"Lacrosse is a constant moving game, similar to hockey and it works your IQ," Knight said. "It's reading those patterns and reading the development of a play to see where it is going."
Knight worked carefully to develop his athleticism too, crediting Prentiss Hockey Performance near his home, a place that has trained Quick among a long list of former and current NHL players like Max Pacioretty, Torey Krug and Martin St. Louis. He applies the same "no bad habits" approach to his nutrition and training, which put him in the top-15 in eight testing categories at the NHL Scouting Combine, including 7.73 percent body fat.
Speer remembers taking a group of goaltenders out bowling at the end of a long, hard camp for USA Hockey, and some of them asked to stop for an ice cream on the way back.

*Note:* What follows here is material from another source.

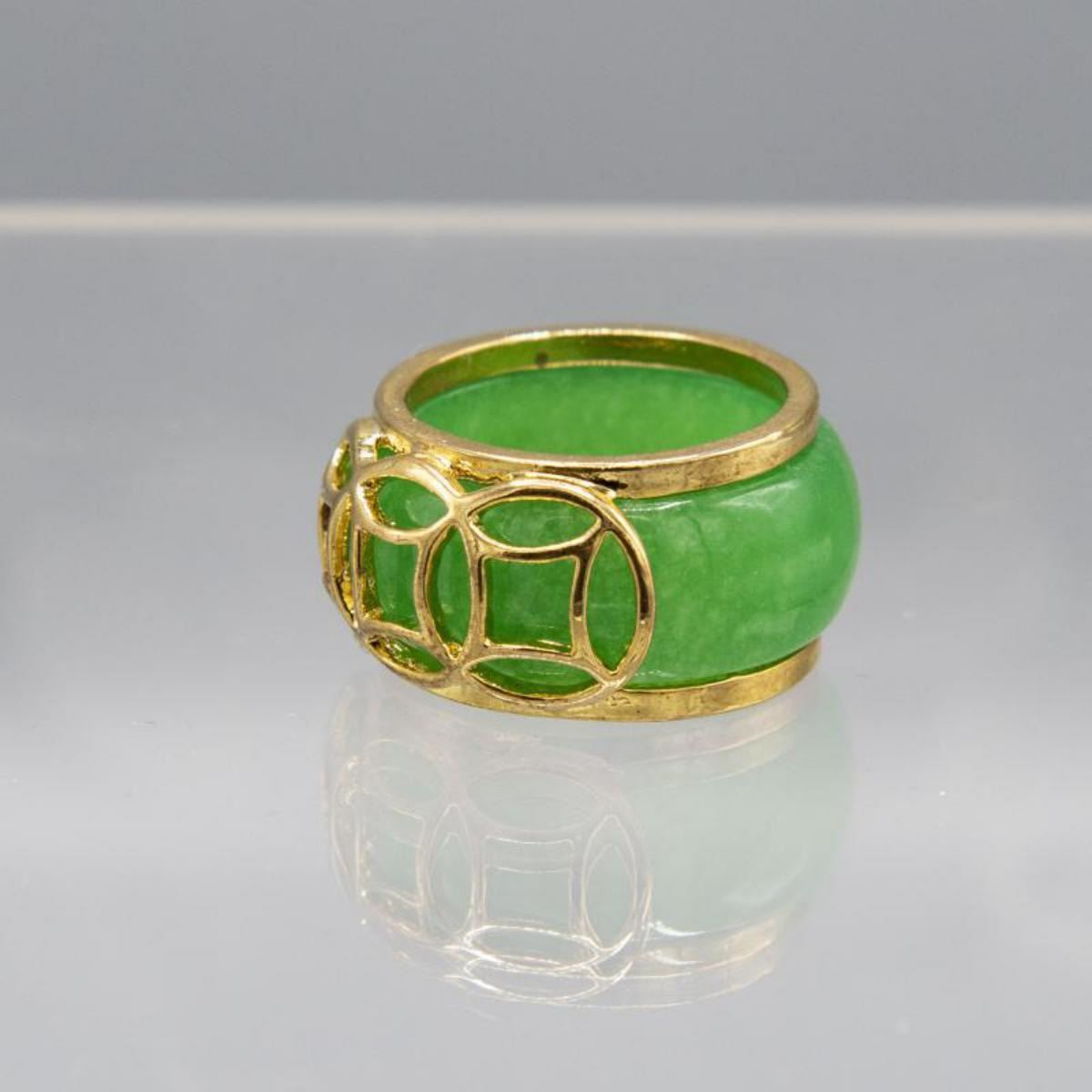 Carved Jade Ring Mounted in 14 kt Gold Overlay.The tasteful gold overlay on this carefully designed jade ring sets it apart from other pieces.Note The Fine Craftmanship On This Ring: Size 9 and 12 mm. Wide. Approx. Net Weight 10 Grams. Ring box in phote not included

"Spencer was the only one that didn't get ice cream. I looked over and asked him 'you didn't want anything?' and he's like 'no, have to maintain seven percent,'" Speer said. "He is just so dialed in with that stuff. He wasn't rubbing it in people's face, he was still having a good time with everyone else, but he is just so professional about everything he does."
It served Knight well in becoming the highest drafted goalie in nine years and should continue to help when he tries to prove the Panthers didn't make a mistake making that pick so soon.
"I get it, honestly, being a goalie it's more magnified if it doesn't work out, you are exposed, and your mistakes are more obvious," Knight said of teams not picking goalies early. "But to be honest with you, if you hit the money, guys like Price, (Marc-Andre) Fleury, Vasilevskiy, all these guys are world class goaltenders. So I get it, but you can't win without a good goalie."
By all accounts, the Panthers got themselves a good goalie in Spencer Knight.